Why?  I don't see any reason these shouldn't be a single interface, it
just has a bad name.

> I thought it would be
> too much and left one. Then I thought may be the name should be PAPR but
> "quiesce" is ... I actually cannot spot where it came from, I do not see it
> neither in OF1275 nor PAPR. So the new name is fine but which one?
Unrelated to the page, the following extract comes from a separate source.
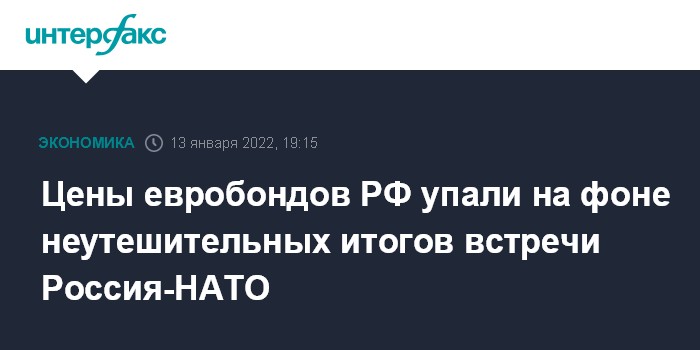 "Сегодня рынок российских еврооблигаций пережил самую серьезную распродажу с начала этого года. Отечественные евробонды и до этого находились под давлением из-за заметного роста базовых процентных ставок в ожидании скорого ужесточения денежно-кредитной политики ФРС США. Но сегодня в секторе US Treasuries наблюдалась некоторая стабилизация ситуации, а вот наши бумаги заметно упали в цене на фоне объявления первых итогов встречи в формате Россия-НАТО, которые оказались весьма и весьма неутешительными для всех российских активов. В моменте инвесторы не обращают внимание на текущее относительно высокое кредитное качество России как заемщика, сейчас ими управляют эмоции и возросшие геополитические и санкционные риски. На рынке довольно много нерезидентов, а для них последние новости крайне негативны, поэтому сейчас мы видим активные распродажи. В результате котировки "длинных" выпусков евробондов РФ с погашением в 2042-2047 годах упали за день на 3,5-4 процентных пункта, и это притом что и до этого ценовые уровни были весьма низкими вследствие падения в начале года. Кредитные спреды заметно расширились, а стоимость пятилетней страховки от дефолта (CDS) евробондов РФ выросла за день почти на 23 базисных пункта - до 160 базисных пунктов", - прокомментировал "Интерфаксу" ситуацию на рынке начальник казначейства Металлинвестбанка Селим Агарзаев.
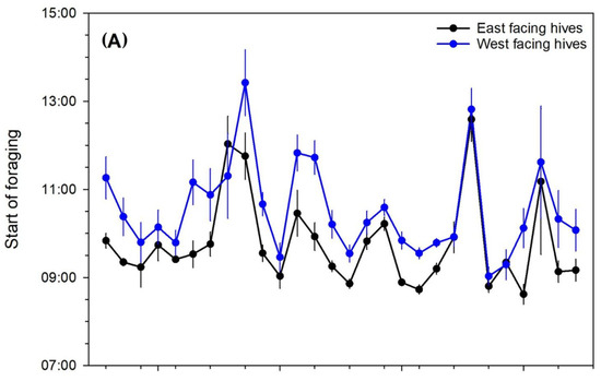 The average flight start time of the colonies during almond pollination for (A) east- vs. west-facing colonies and (B) strong vs. weak colonies. Error bars represent the standard error of the mean.

I can
> make it

Huh, weird.  I'm pretty sure it's not PAPR specific - it was used on
ppc based Macs as well.  But as you say, it doesn't appear in IEEE1275
(although the concept of a quiescent state is mentioned with the
'reset' method).  My guess would be it's described in one of those
early OF extension documents that we basically assume is always
implemented (like the interrupt mapping bindings or the generic names
convention).

> struct VofSupportClass {
>  target_ulong callmethod(const char *method, int nargs, target_ulong *args,
> int nret, target_ulong *rets);
> }
> 
> but it looks too vague and makes it harder for the reader.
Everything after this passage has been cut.